Another common version of this is to use `.SD[1L]` instead to get the _first_ observation for each group, or `.SD[sample(.N, 1L)]` to return a _random_ row for each group.
## Group Optima
Suppose we wanted to return the _best_ year for each team, as measured by their total number of runs scored (`R`; we could easily adjust this to refer to other metrics, of course). Instead of taking a _fixed_ element from each sub-`data.table`, we now define the desired index _dynamically_ as follows:
```{r sd_team_best_year}
Teams[ , .SD[which.max(R)], by = teamID]
```
Note that this approach can of course be combined with `.SDcols` to return only portions of the `data.table` for each `.SD` (with the caveat that `.SDcols` should be fixed across the various subsets)

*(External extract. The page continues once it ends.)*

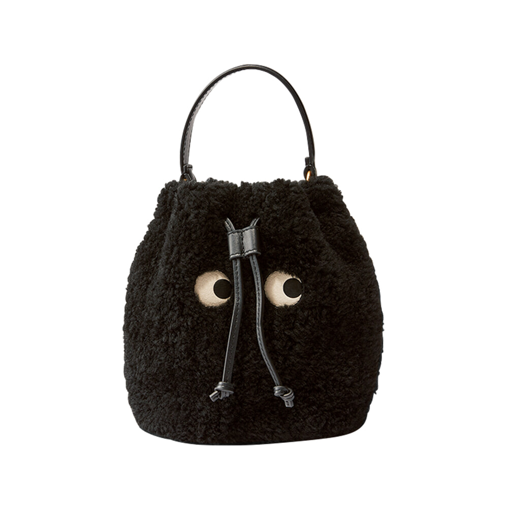 バッグ「ドローストリング クロスボディ アイズ」(ストラップ付き、H19×W16×D10cm)¥94,600/ アニヤ・ハインドマーチ(アニヤ・ハインドマーチ ジャパン)

_NB_: `.SD[1L]` is currently optimized by [_`GForce`_](https://Rdatatable.gitlab.io/data.table/library/data.table/html/datatable-optimize.html) ([see also](https://stackoverflow.com/questions/22137591/about-gforce-in-data-table-1-9-2)), `data.table` internals which massively speed up the most common grouped operations like `sum` or `mean` -- see `?GForce` for more details and keep an eye on/voice support for feature improvement requests for updates on this front: [1](https://github.com/Rdatatable/data.table/issues/735), [2](https://github.com/Rdatatable/data.table/issues/2778), [3](https://github.com/Rdatatable/data.table/issues/523), [4](https://github.com/Rdatatable/data.table/issues/971), [5](https://github.com/Rdatatable/data.table/issues/1197), [6](https://github.com/Rdatatable/data.table/issues/1414)
## Grouped Regression
Returning to the inquiry above regarding the relationship between `ERA` and `W`, suppose we expect this relationship to differ by team (i.e., there's a different slope for each team). We can easily re-run this regression to explore the heterogeneity in this relationship as follows (noting that the standard errors from this approach are generally incorrect -- the specification `ERA ~ W*teamID` will be better -- this approach is easier to read and the _coefficients_ are OK):
```{r group_lm, results = 'hide', fig.cap="A histogram depicting the distribution of fitted coefficients. It is vaguely bell-shaped and concentrated around -.2"}
# Overall coefficient for comparison
overall_coef = Pitching[ , coef(lm(ERA ~ W))['W']]
# use the .N > 20 filter to exclude teams with few observations
Pitching[ , if (.N > 20L) .(w_coef = coef(lm(ERA ~ W))['W']), by = teamID
][ , hist(w_coef, 20L, las = 1L,
xlab = 'Fitted Coefficient on W',
ylab = 'Number of Teams', col = 'darkgreen',
main = 'Team-Level Distribution\nWin Coefficients on ERA')]
abline(v = overall_coef, lty = 2L, col = 'red')
```
While there is indeed a fair amount of heterogeneity, there's a distinct concentration around the observed overall value.
The above is just a short introduction of the power of `.SD` in facilitating beautiful, efficient code in `data.table`!